Analysis-As the clock ticks on Russia’s G7 oil price cap, big questions remain By Reuters

0
2/2

© Reuters. FILE PHOTO: The Minerva Virgo tanker, moored at the oil terminal, is seen after leaving a Russian port around the time that country invaded Ukraine in late February, since US President Joe Biden banned March 8 russian energy import, gi

2/2

By Andrea Shalal and Timothy Gardner

WASHINGTON (Reuters) – Just a month before wealthy Group of Seven nations plan to cap the price of Russian oil, officials are rushing to finalize details, leaving traders, shippers and insurers with questions about the level prices and how it works.

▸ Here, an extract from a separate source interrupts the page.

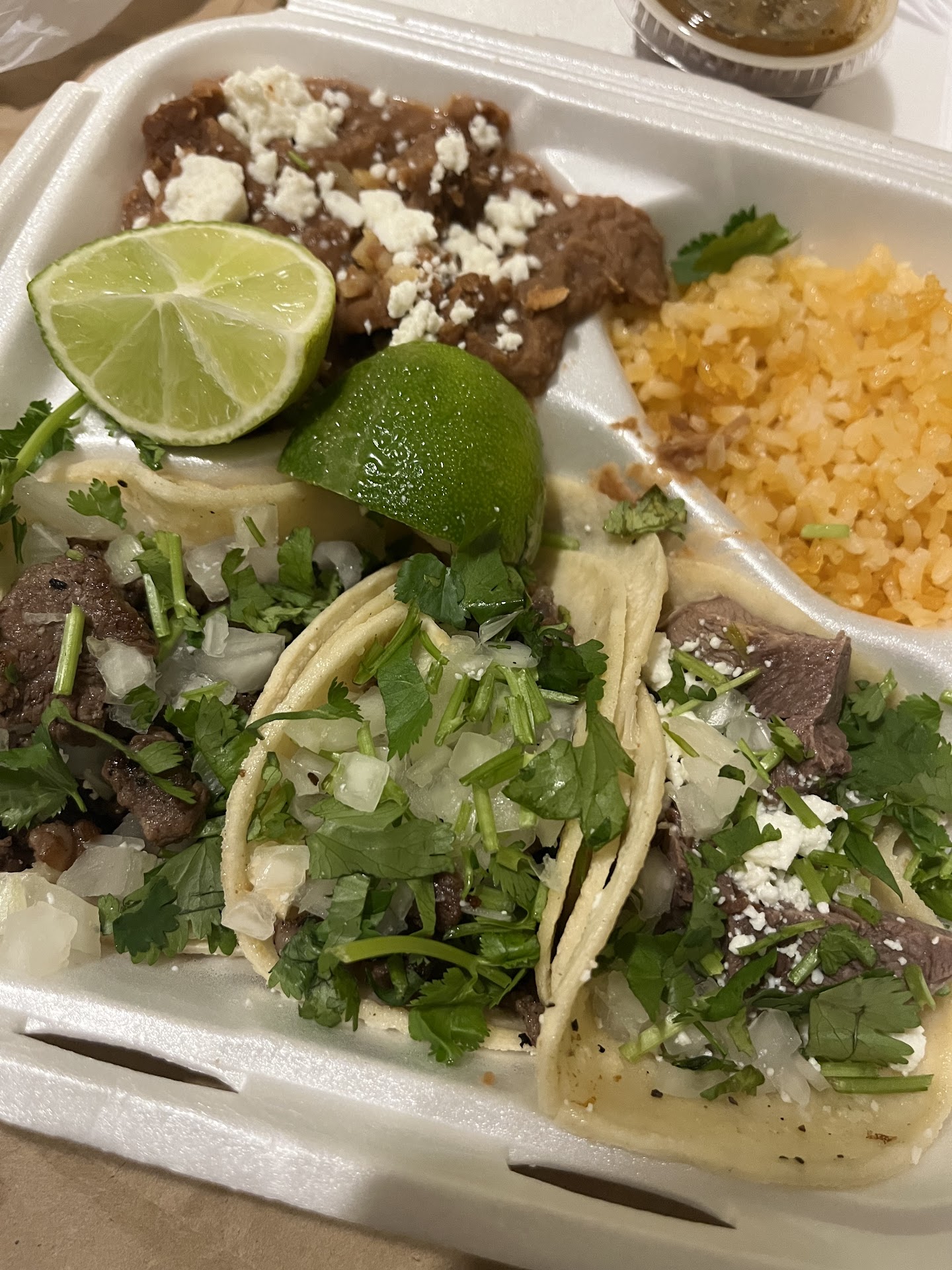 Read moreAfter reading the reviews on this place I decided to order dinner for take out. I ordered the number one: three taco dinner plate. Two carne asada tacos and one lengua. The lengua was SUPER tender. It was cooked to perfection. All three tacos were delicious. Beans were nice and soft and creamy. Rice had a few stiff pieces in it but I came in literally as they were closing so I’m sure it was the end of the night rice. They held the door open for me so I could pay for my dinner and take it home. Thank you so much! They also have fresh baked goods and gorgeous handmade cakes. There is masa and home made salsa available too. The two pastries I purchased were so flaky and tasty. Very fun for dessert. Staff were very kind and friendly. Will definitely be...
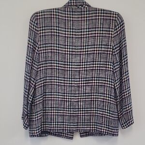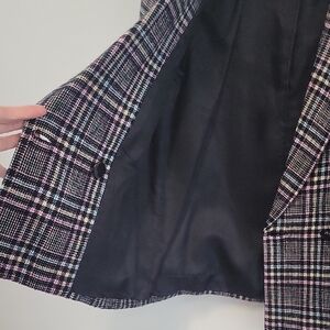 Chic plaid blazer with a double-breasted front. Black and white with pink accents. Ideal for any occasion.

Officials from the United States and its G7 allies plan to cap prices on oil shipments by sea starting Dec. 5, with a second cap on petroleum products on Feb. 5.

The unprecedented price cap aims to prevent Russia from profiting from high oil after its February 24 invasion of Ukraine, while ensuring that the bulk of Russian oil continues to flow to global energy markets. .

India and China have bought Russian oil at a deep discount, and G7 officials hope they will use the cap to negotiate lower prices with Moscow.

Russian President Vladimir Putin has said he will stop exporting oil to countries that enforce the cap, and even if he doesn’t, his threat could help prop up oil prices.

Here are the known and unknown so far:

WHO IS PART OF THE PRICE CAP COALITION?

The wealthy G7 nations, the United States, Japan, Germany, Britain, France, Italy and Canada, are developing the plan with the EU and Australia.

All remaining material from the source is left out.